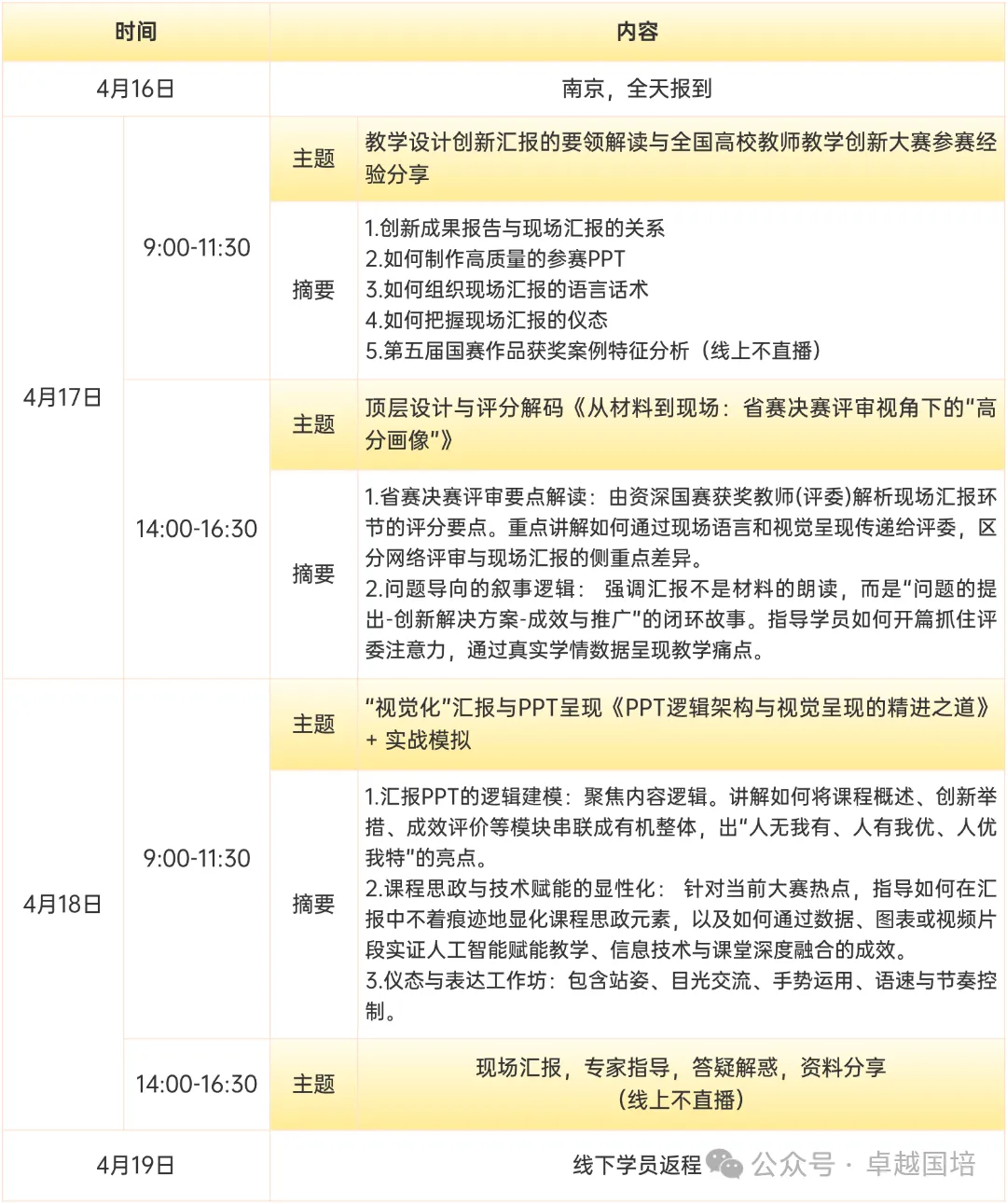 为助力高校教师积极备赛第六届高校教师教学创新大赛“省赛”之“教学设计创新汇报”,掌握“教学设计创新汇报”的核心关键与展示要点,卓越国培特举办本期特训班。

_____

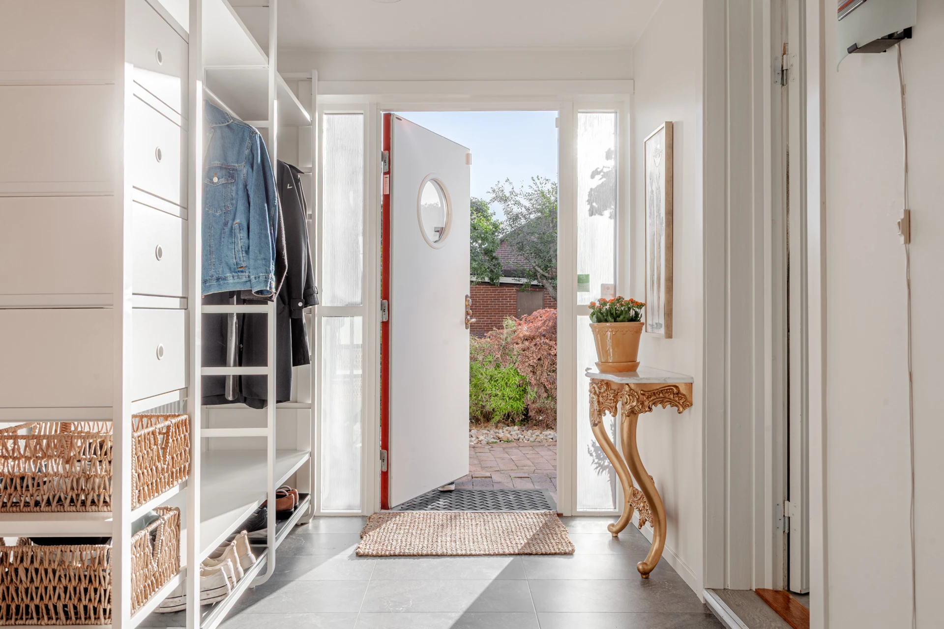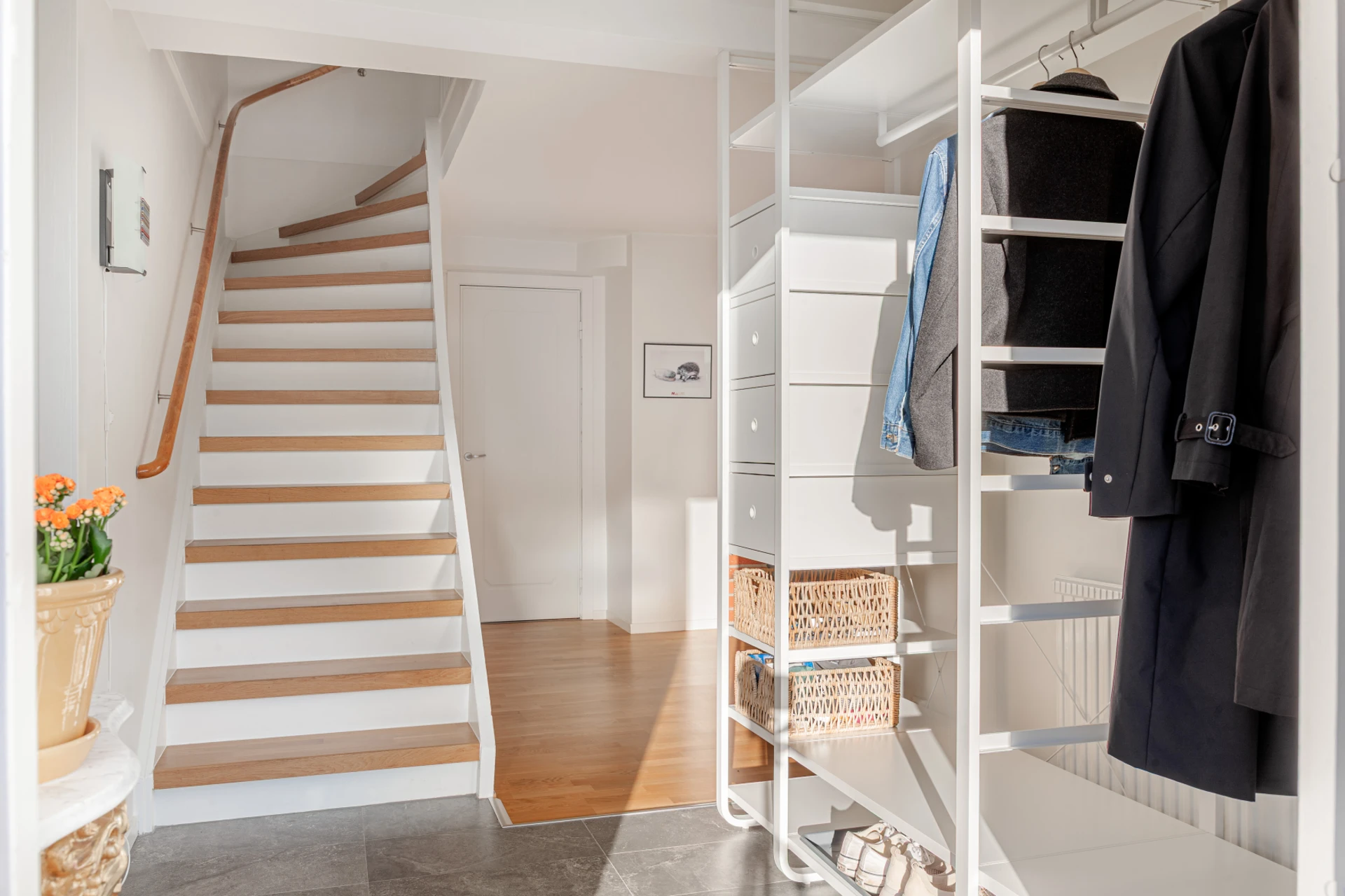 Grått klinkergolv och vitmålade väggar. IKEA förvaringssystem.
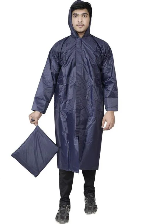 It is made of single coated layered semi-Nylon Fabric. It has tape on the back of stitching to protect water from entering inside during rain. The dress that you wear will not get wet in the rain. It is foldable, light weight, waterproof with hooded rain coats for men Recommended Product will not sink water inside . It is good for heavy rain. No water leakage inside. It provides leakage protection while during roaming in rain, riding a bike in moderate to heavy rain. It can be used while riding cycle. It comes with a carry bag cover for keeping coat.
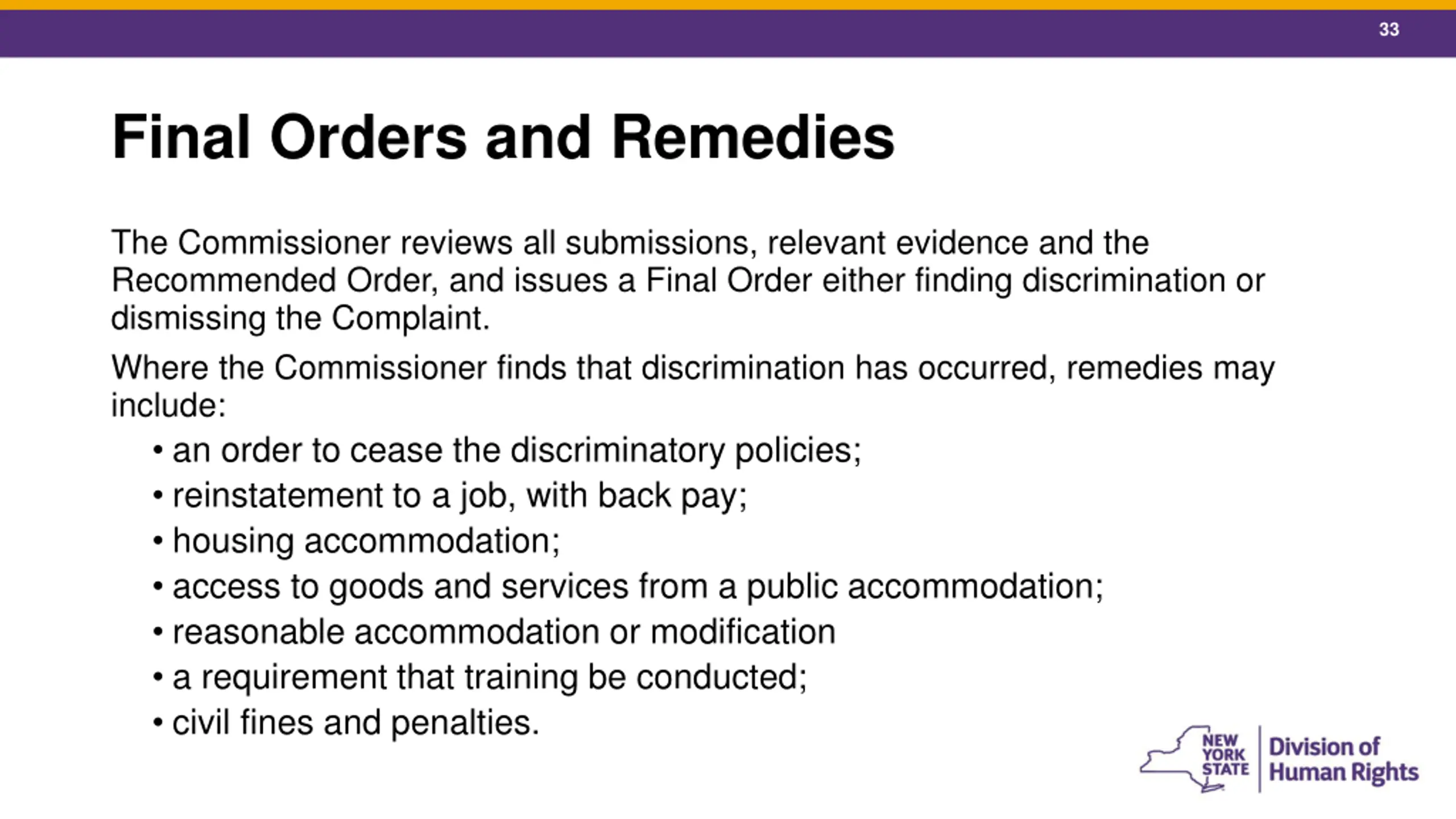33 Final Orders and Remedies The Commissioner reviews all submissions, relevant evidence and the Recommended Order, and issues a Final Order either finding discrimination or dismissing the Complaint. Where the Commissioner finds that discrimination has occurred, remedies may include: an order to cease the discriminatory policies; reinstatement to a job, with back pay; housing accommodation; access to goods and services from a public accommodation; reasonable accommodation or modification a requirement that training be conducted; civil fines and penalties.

_____

** PROBLEM TO SOLVE **
Please repeat, exactly as written, the lines in the records above, starting with the one that has "Grått klinkergolv och" and going on through the one that has "33 Final Orders". Pictures are to be left out.

** ANSWER TO THIS EXERCISE **
 Grått klinkergolv och vitmålade väggar. IKEA förvaringssystem.
 It is made of single coated layered semi-Nylon Fabric. It has tape on the back of stitching to protect water from entering inside during rain. The dress that you wear will not get wet in the rain. It is foldable, light weight, waterproof with hooded rain coats for men Recommended Product will not sink water inside . It is good for heavy rain. No water leakage inside. It provides leakage protection while during roaming in rain, riding a bike in moderate to heavy rain. It can be used while riding cycle. It comes with a carry bag cover for keeping coat.
33 Final Orders and Remedies The Commissioner reviews all submissions, relevant evidence and the Recommended Order, and issues a Final Order either finding discrimination or dismissing the Complaint. Where the Commissioner finds that discrimination has occurred, remedies may include: an order to cease the discriminatory policies; reinstatement to a job, with back pay; housing accommodation; access to goods and services from a public accommodation; reasonable accommodation or modification a requirement that training be conducted; civil fines and penalties.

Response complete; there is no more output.